====== DATA BLOCK ======

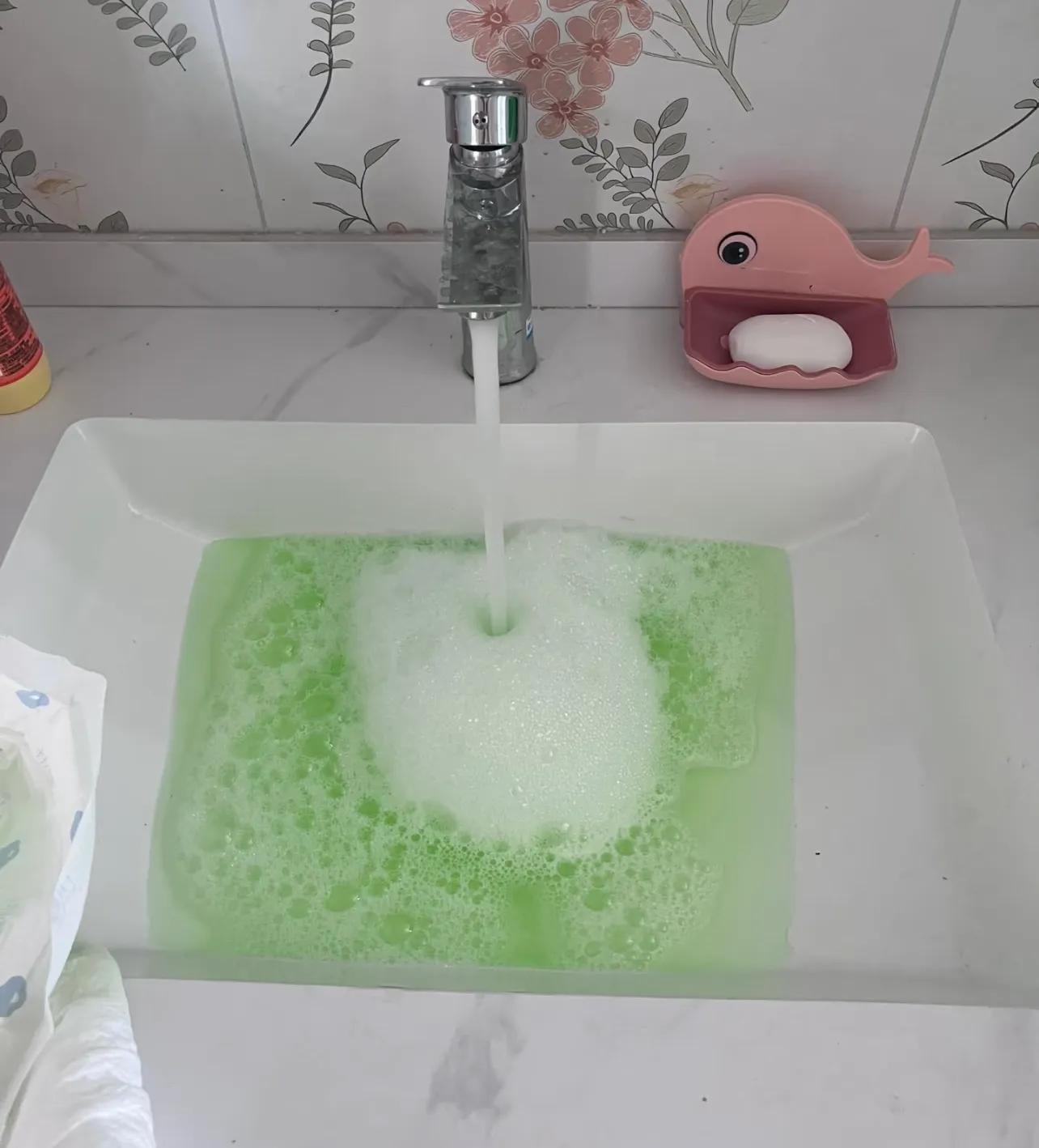 加水稀釋,拖布浸入水中擰至半乾,拖完再清一遍,減少殘留,拖完記得開窗通通風。
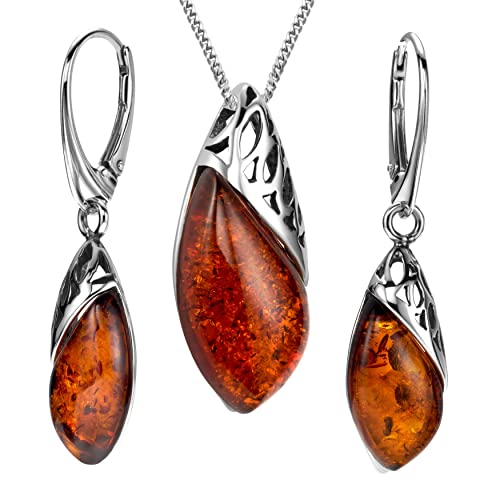 CIONDOLO: Elegante ciondolo in ambra. Dimensioni ciondolo: 23 x 10 mm. ORECCHINI: orecchini in argento sterling con marchio 925, ambra, 23 x 10 mm, a monachella.
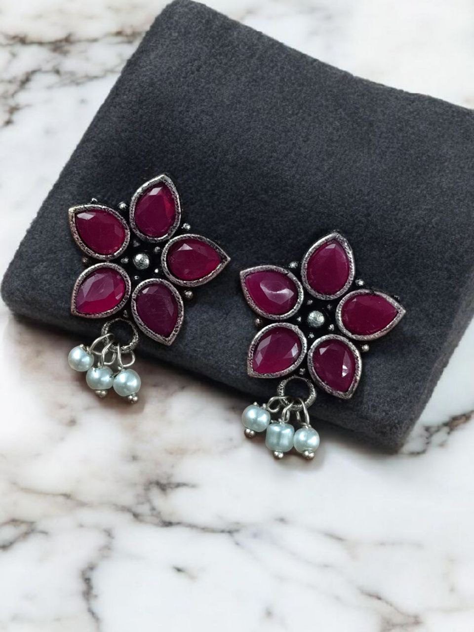 Red Dainty Stone Crafted Earring Ethnic Flower Designer Pearl Work Silver Oxidized Dailywear Tops Earrings

======

DIRECTIONS FOR THIS TASK
Restate the whole listing exactly as written, minus the pictures.

OUTPUT
 加水稀釋,拖布浸入水中擰至半乾,拖完再清一遍,減少殘留,拖完記得開窗通通風。
 CIONDOLO: Elegante ciondolo in ambra. Dimensioni ciondolo: 23 x 10 mm. ORECCHINI: orecchini in argento sterling con marchio 925, ambra, 23 x 10 mm, a monachella.
 Red Dainty Stone Crafted Earring Ethnic Flower Designer Pearl Work Silver Oxidized Dailywear Tops Earrings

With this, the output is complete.